Teacher Matt Arnold, who coached Granada Hills to six national titles, said that kind of personal development is the primary objective of Academic Decathlon.
“We don’t see ourselves as selling winning,” Arnold said. “It’s growth, change and self-improvement, and students who historically benefit the most … are the ones experiencing some block to their success.”
Tamara Cruz, a junior, said she flunked algebra and English her sophomore year.
“Coming out of middle school I had a lot of problems with my self-confidence, body image, how I looked and wanted to look, and it had a very negative effect on my grades,” said Cruz, the daughter of Philippine immigrants.
Decathlon turned all of that around, she said. At the nationals, she grabbed individual gold medals in math, literature, science and art; silver medals in music and speech; and a bronze in economics.
Jared Matsubayashi, a senior, won a gold medal for his speech about revealing to friends and family that he is gay.
“Before coming out, I harbored so many fears,” he said in that speech. “I feared my friends would treat me differently…. Instead of focusing on my studies, I spent my time trying to make myself seem more masculine. As a result, my grades plummeted.”
Matsubayashi said his mother is from the Philippines and his father from Japan, and he couldn’t bring himself to break the news to his parents face-to-face. So he wrote a letter to them recently, left it for them on the dining room table and retreated to his room to await their response.

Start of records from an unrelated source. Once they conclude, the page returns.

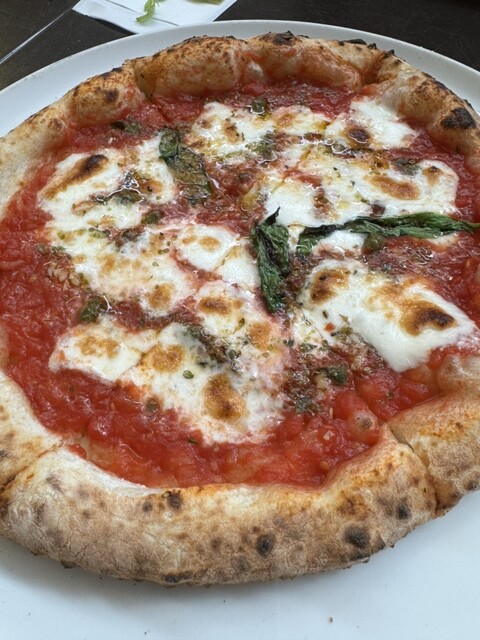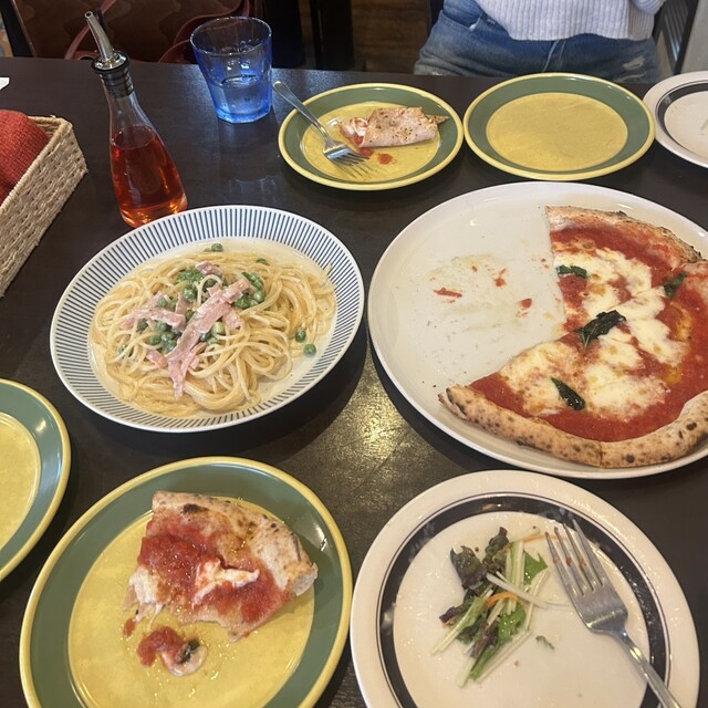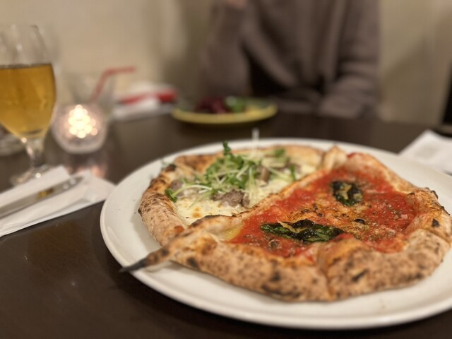 先ずはピザ、本日のオススメと定番のマリナーラのハーフハーフで。他にもラザニア、サラダ、ドルチェのプレートをクーポンでメッセージ...
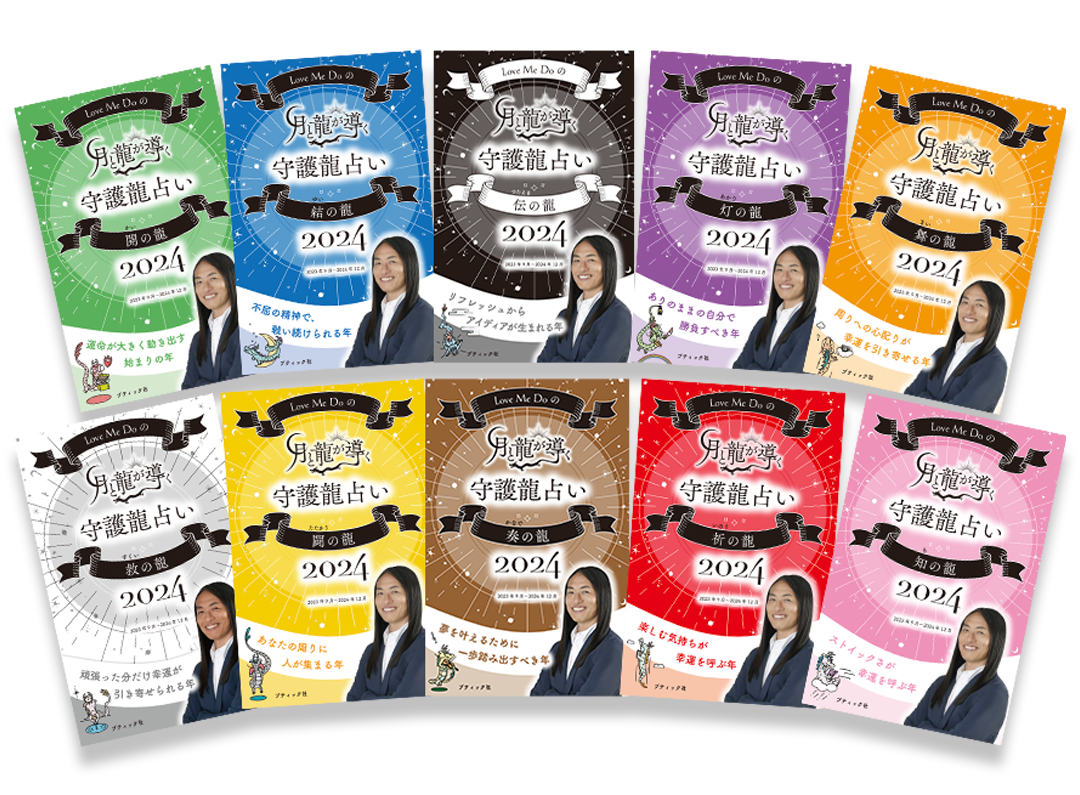 商品名:「Love Me Doの月と龍が導く守護龍占い 2024」(開の龍、結の龍、伝の龍、灯の龍、舞の龍、救の龍、闘の龍、奏の龍、祈の龍、知の龍の10種)
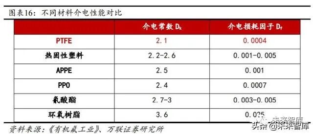 PTFE树脂的Df可低至0.0004、Dk为2.1,是目前为止发现的最符合5G时代要求的CCL 理想基材。除此之外,PTFE也是射频电缆、天线滤波器以及5G所涉及的领域中各类 连接器的重要应用,PTFE无疑将成为5G时代最热的新材料之一。
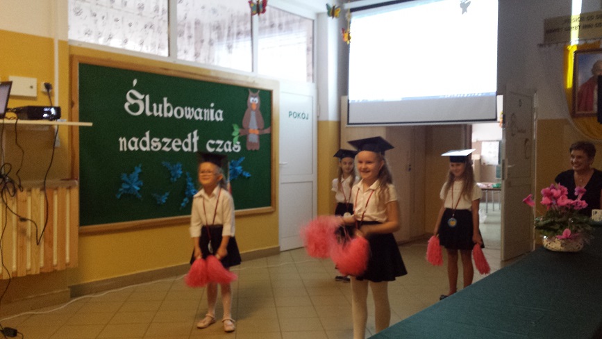 Dzieci przygotowały część artystyczną pod opieką pani Ireny Woźnicy i Moniki Wróbel. Swoim występem udowodniły, że zasługują na przyjęcie do społeczności uczniowskiej.
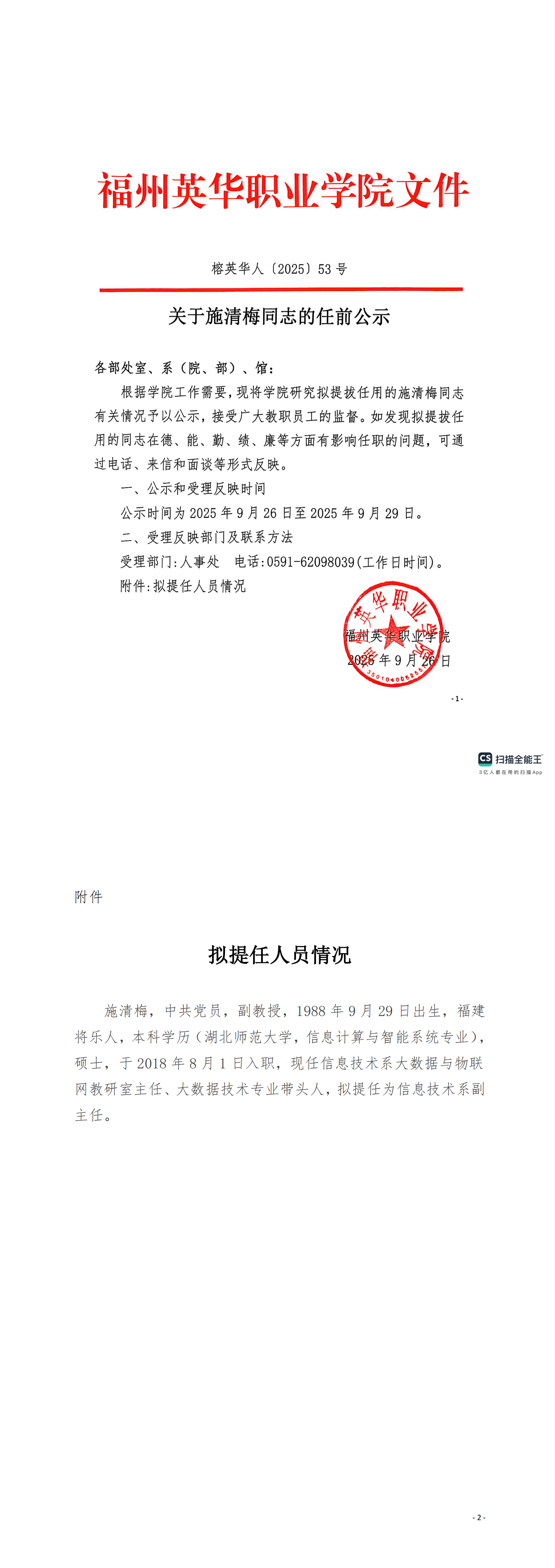关于施清梅同志的任前公示

That moment with his parents took place after the regional and state decathlons, and Matsubayashi worked it into the speech he revised for the nationals. His parents and grandmother cheered, along with the rest of the crowd, when he delivered the updated speech in Minnesota.

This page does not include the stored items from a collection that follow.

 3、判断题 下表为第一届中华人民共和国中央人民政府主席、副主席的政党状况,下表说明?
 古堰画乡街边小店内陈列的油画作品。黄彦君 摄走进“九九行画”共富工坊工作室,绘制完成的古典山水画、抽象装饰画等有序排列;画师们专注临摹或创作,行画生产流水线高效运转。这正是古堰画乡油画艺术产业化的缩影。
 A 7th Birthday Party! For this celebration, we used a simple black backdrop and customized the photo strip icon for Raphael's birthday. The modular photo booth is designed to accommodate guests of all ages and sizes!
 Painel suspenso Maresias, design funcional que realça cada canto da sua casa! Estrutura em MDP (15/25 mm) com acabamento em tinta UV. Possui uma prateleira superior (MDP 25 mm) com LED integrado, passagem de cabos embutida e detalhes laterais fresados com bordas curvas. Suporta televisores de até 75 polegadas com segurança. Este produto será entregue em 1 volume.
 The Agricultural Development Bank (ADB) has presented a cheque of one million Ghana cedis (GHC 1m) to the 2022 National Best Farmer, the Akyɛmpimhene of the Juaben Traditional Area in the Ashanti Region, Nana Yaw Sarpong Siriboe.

For Kenny Ly, a senior on his way to UC San Diego to study bioinformatics, academic achievement is a family tradition. His brother is at MIT, his sister is an engineer at Microsoft, and they were both on national decathlon championship teams at GHC.
Ly badly wanted to make it a family trifecta, but not just to impress his siblings. His mother is from Vietnam and his father from Cambodia, and theirs is the classic story of foreigners who sacrificed to get to the United States and give their children a chance to succeed. In his speech at nationals, Ly spoke of his father, who lost his parents in the Khmer Rouge genocide.

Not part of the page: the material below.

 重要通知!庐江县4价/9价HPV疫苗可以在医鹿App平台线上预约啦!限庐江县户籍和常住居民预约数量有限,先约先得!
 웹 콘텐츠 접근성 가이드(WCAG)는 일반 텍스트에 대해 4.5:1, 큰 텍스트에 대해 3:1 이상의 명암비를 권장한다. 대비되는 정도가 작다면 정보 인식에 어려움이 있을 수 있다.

“When I was in elementary school my parents always told us stories about when they were children, and one of them stuck out to me,” Ly told me. “It was about my dad climbing a mango tree, and the reason he climbed that tree was to get something to eat. But in the end, he fainted from hunger, fell and dislocated both his wrists.
“As I got older and heard about all the hardships he had to go through, I started to appreciate all that he’s done for me….He always has a smile on his face and love for other people, even though he’s gone through so much himself. And I try to be him every day.”
In addition to Ly, Matsubayashi, Cruz, LaFreniere and Khan, the Granada Hills team is composed of Connie Chen, Nicole Dersahakian, Lelija Kazlauskas, Ezhan Mirza and alternates Dwaipayan Chanda, Isabel Mercado and Jasdeep Sidhu.
Outside the school, on Zelzah Avenue, the street sign that marks GHC’s titles in 2011, 2012, 2013, 2015, 2016 and 2017 will be updated soon.
And the coaches have just sent tryout invitations for next year’s team.